In terms of the actual walking this week, there have been some absolute crackers (a favourite word of Ro's). We had a fantastic sunbathing session on a hilltop with a view of the Picos de Europa mountains; we crashed a fancy golf tournament; we got caught in the middle of a morning cow commute... We saw the Bufones de Arenillas, a geographic feature in which cracks in the rock cliff above the sea allow for eruptions of seawater up to 20m high when the waves are strong. It is very uncommon for this to occur during the summer months, however we were incredibly lucky as it was moderately stormy the day we were passing. As we approached the area, we could hear a low rumbling, which strongly resembled a snoring dragon (or, at least, what I imagine a snoring dragon to sound like having never experienced it first hand). At first nothing happened, but we patiently waited and after a short while there was a violent rush and a cloud of sea spray spurted out of the rocky crevice in front of us. It was a little bit on the terrifying side, but completely mesmerising - we had to force ourselves to walk on!
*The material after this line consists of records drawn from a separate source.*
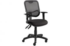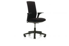 Seat and back fully upholstered in black house fabric with a three lever mechanism and gas lift on a nylon five star base with castors and arms.
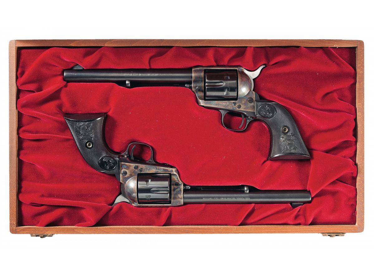 A) Manufactured in 1974. Triangle "VP" proofmark is stamped on the left front of the trigger guard, a "K" is stamped on the left rear of the trigger guard and "721" is stamped on the loading gate. Fitted with checkered hard rubber Rampant Colt/American Eagle grips. With a Colt hardwood case lined in red fabric.
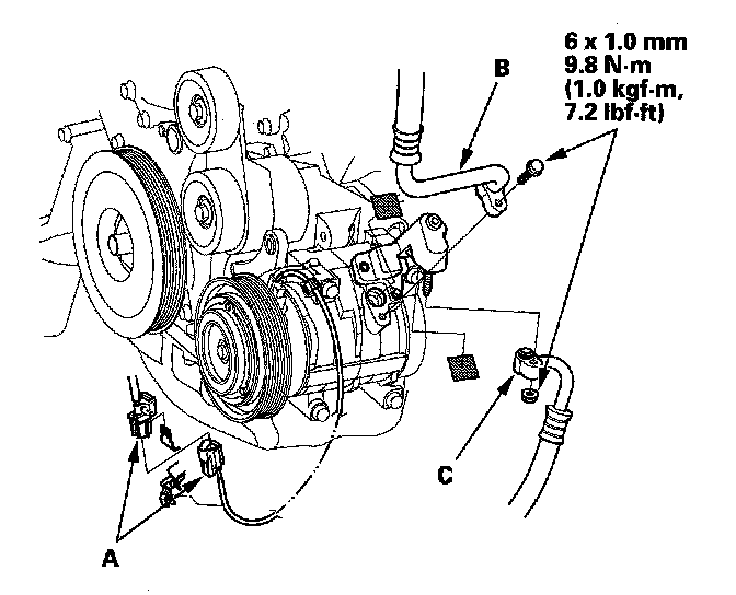 5. Disconnect the A/C compressor clutch connector (A). Remove the bolt and the nut, then disconnect the suction line (B) and discharge line (C) from the A/C compressor. Plug or cap the lines immediately after disconnecting them to avoid moisture and dust contamination.
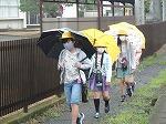 今日も朝から雨がふっていました。昨日ほどの量ではなかったので、徒歩で登校する子どもたちが多く見られました。
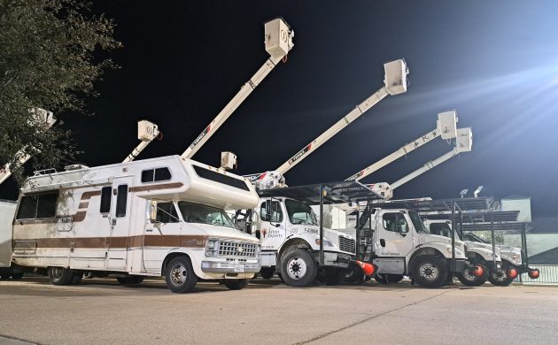 One of these things is not like the others! We nestled in with a squadron of bucket trucks on their way to help with storm recovery.

The morning that we left Celorio on day 55 is one of my highlights so far. We left earlier than normal that morning and were rewarded with the last rays of a beautiful sunrise as we reached the beach. Shortly after this, we passed an incredibly serene abandoned monastery, set amongst the trees. Our only company as we explored were two friendly and curious horses, who had free roam of the grounds and buildings. Moving on from the monastery, we climbed up through some woods that resembled a jungle, popping out onto a fern-covered cliff above a spectacular and untouched beach - it felt like we were on a Carribbean island...
And a final note: after a blissful five or-so weeks, the blisters are back - and with a vengeance! Let's hope all my coping mechanisms are as effective as they were last time!